We model each protein structure as the piecewise linear (PL) curve spanned by its C_α atoms, and we consider proteins whose backbones form an open-ended positive trefoil [5]. We construct a point cloud from its PL backbone curve by linearly interpolating a total of five equidistant points between each pair of consecutive C_α atoms in the curve. For more details, see electronic supplementary material, section 1.

5.2. Persistent homology computations

Persistence diagram in dimension one are computed using Ripser [45]. Pairwise W₁[L_∞]-Wasserstein distances are computed using GUDHI [46]. PH generators are computed using Eirene [31]. Persistence landscapes are computed using Python software, available at https://gitlab.com/kfbenjamin/pysistence-landscapes.
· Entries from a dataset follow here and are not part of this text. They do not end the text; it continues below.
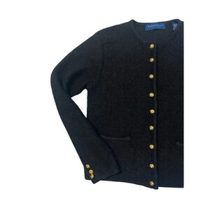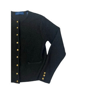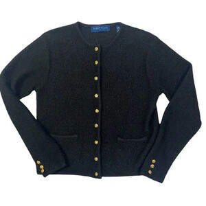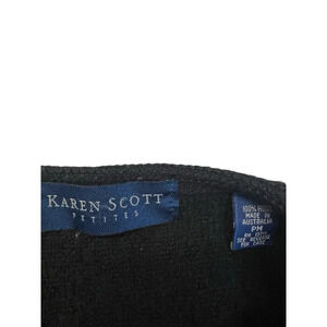 Karen Scott Cardigan Sweater Petite Medium Black 100% Pure Wool Classic Grandma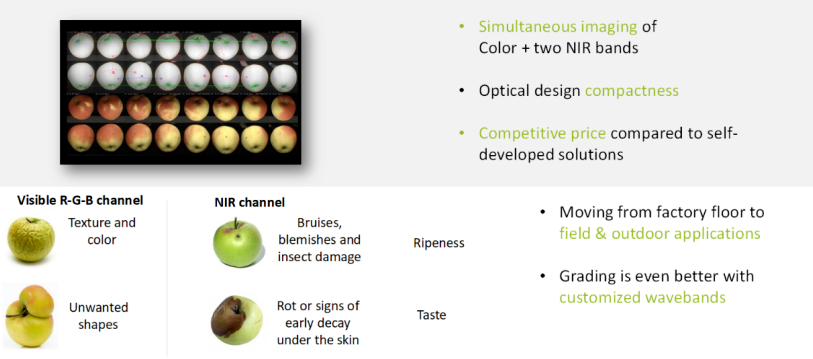 如何突破这一技术瓶颈?答案在JAI多光谱相机,凭借棱镜技术,通过双波段检测,保障产线高速检测外表损伤的同时检出水果内部腐坏等情况。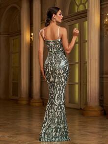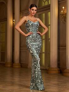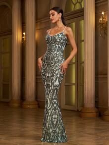 Missord فستان حفلة مترتر مكسي وبحافة حورية البحر

Our software is based on the algorithms given in [22]. The software includes scripts for finding and plotting landscapes from a barcode, computing average landscapes and calculating distance. For more details, see electronic supplementary material, sections 2 and 4.

5.3. Noisy data

To probe our methodology’s robustness, we apply our pipeline to the non-interpolated point clouds obtained by considering only the C_α atoms and to successive perturbations of such point clouds. For more details, see electronic supplementary material, sections 2 and 4 and figures S1 and S2.

Data accessibility

The data and code for this work are available at https://github.com/katherine-benjamin/ph-knotted-proteins and archived at Zenodo: https://doi.org/10.5281/zenodo.7799281 [47].

The data are provided in electronic supplementary material [48].

Authors' contributions

K.B.: data curation, formal analysis, investigation, methodology, software, validation, visualization, writing—original draft and writing—review and editing; L.M.: data curation, formal analysis, investigation, validation, visualization, writing—original draft and writing—review and editing; G.M.: data curation, formal analysis, investigation, validation, visualization, writing—original draft and writing—review and editing; C.U.: data curation, formal analysis, investigation, validation, visualization, writing—original draft and writing—review and editing; H.A.H.: conceptualization, funding acquisition, investigation, methodology, project administration, resources, supervision, writing—original draft and writing—review and editing; U.T.: conceptualization, funding acquisition, investigation, methodology, project administration, resources, supervision, writing—original draft and writing—review and editing; A.B.: conceptualization, data curation, investigation, methodology, project administration, supervision, validation, visualization, writing—original draft and writing—review and editing.

All authors gave final approval for publication and agreed to be held accountable for the work performed therein.

Conflict of interest declaration

We declare we have no competing interests.

Funding

A.B., K.B., H.A.H. and U.T. are grateful for the support provided by the UK Centre for Topological Data Analysis EPSRC grant EP/R018472/1. K.B. was supported by the JT Hamilton and EPSRC Scholarship. A.B. gratefully acknowledges funding through a MACSYS Centre Development initiative from the School of Mathematics and Statistics, the Faculty of Science and the Deputy Vice Chancellor Research, University of Melbourne. H.A.H. gratefully acknowledges funding from EPSRC EP/R005125/1 and EP/T001968/1, the Royal Society RGF\EA\201074 and UF150238.